Atypical Atrial Flutter Originating in the Right Atrial Free Wall
Background—Data from experimental models of atrial flutter indicate that macro-reentrant circuits may be confined by anatomic and functional barriers remote from the tricuspid annulus–eustachian ridge atrial isthmus. Data characterizing the various forms of atypical atrial flutter in humans are limited.

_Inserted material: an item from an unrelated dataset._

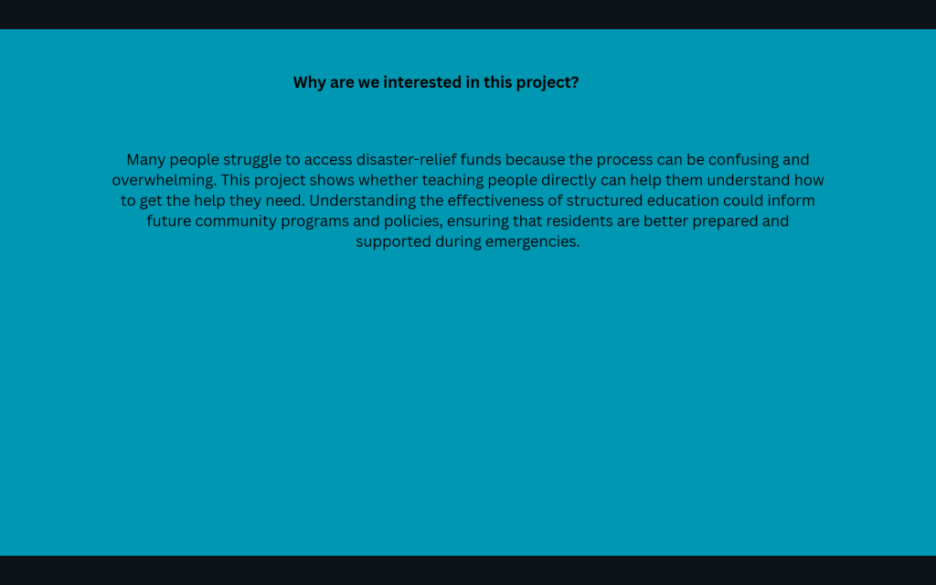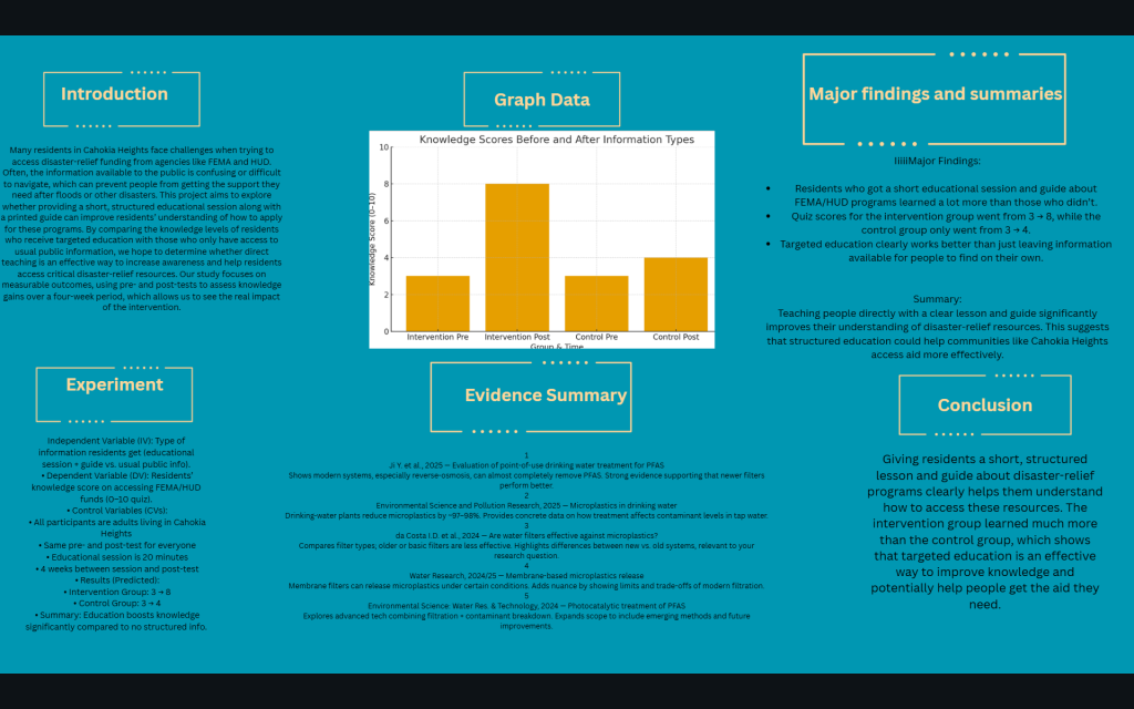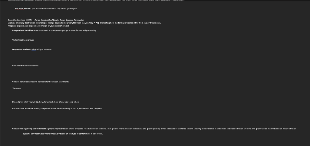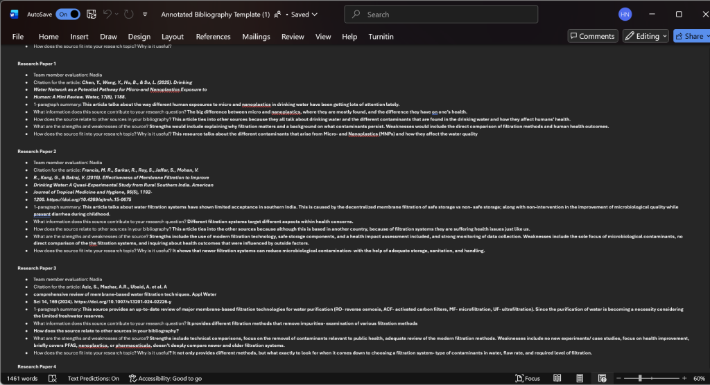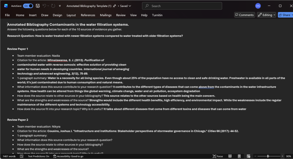 | Focus solely on class lectures on course content to learn how to solve problems Using different problem-solving skills from different classes. | -Finding a plausible solution to our research problem -Annotated Bibliography -Poster Presentation -Reflections -In-class assignments | My group’s work will be well structured, and done in an efficient manner. I will be less stressed and more confident within myself. |

Methods and Results—In 6 of 160 consecutive patients referred for ablation of counterclockwise and/or clockwise typical atrial flutter, an additional atypical atrial flutter was mapped to the right atrial free wall. Five patients had no prior cardiac surgery. Incisional atrial tachycardia was excluded in the remaining patient. High-density electroanatomic maps of the reentrant circuit were obtained in 3 patients. Radiofrequency energy application from a discrete midlateral right atrial central line of conduction block to the inferior vena cava terminated and prevented the reinduction of atypical atrial flutter in each patient. Atrial flutter has not recurred in any patient (follow-up, 18±17 months; range, 3 to 40 months).
Conclusions—Atrial flutter can arise in the right atrial free wall. This form of atypical atrial flutter could account for spontaneous or inducible atrial flutter observed in patients referred for ablation and is eliminated with linear ablation directed at the inferolateral right atrium.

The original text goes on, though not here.